A client links with specific language bindings (i.e., client libraries)
in order to communicate with a FoundationDB cluster. The language
bindings support loading multiple versions of C libraries, allowing the
client communicates with older version of the FoundationDB clusters.
Currently, C, Go, Python, Java, Ruby bindings are officially supported.

Transaction Processing
----------------------

A database transaction in FoundationDB starts by a client contacting one
of the GRV proxies to obtain a read version, which is guaranteed to be
larger than any of commit version that client may know about (even
through side channels outside the FoundationDB cluster). This is needed
so that a client will see the result of previous commits that have
happened.

Then the client may issue multiple reads to storage servers and obtain
values at that specific read version. Client writes are kept in local
memory without contacting the cluster. By default, reading a key that
was written in the same transaction will return the newly written value.
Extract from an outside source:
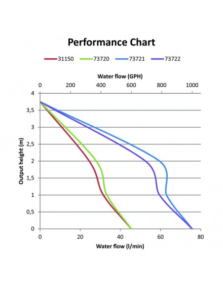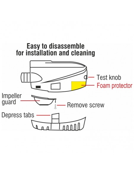 Possui uma base de filtro de encaixe, simplificando a instalação e a manutenção. É feito de ASA durável. A capacidade de bombeamento é de 600 GPH através de uma mangueira de 19 mm (3/4”) e 1000 GPH através de uma mangueira de 25 mm (1”). Fusível 3A, 4A e 7,5A. 12V e 24V CC.

At commit time, the client sends the transaction data (all reads and
writes) to one of the commit proxies and waits for commit or abort response
from the commit proxy. If the transaction conflicts with another one and
cannot commit, the client may choose to retry the transaction from the
beginning again. If the transaction commits, the commit proxy also returns
the commit version back to the client and to master so that GRV proxies can
get access to the latest committed version. Note this commit version is
larger than the read version and is chosen by the master.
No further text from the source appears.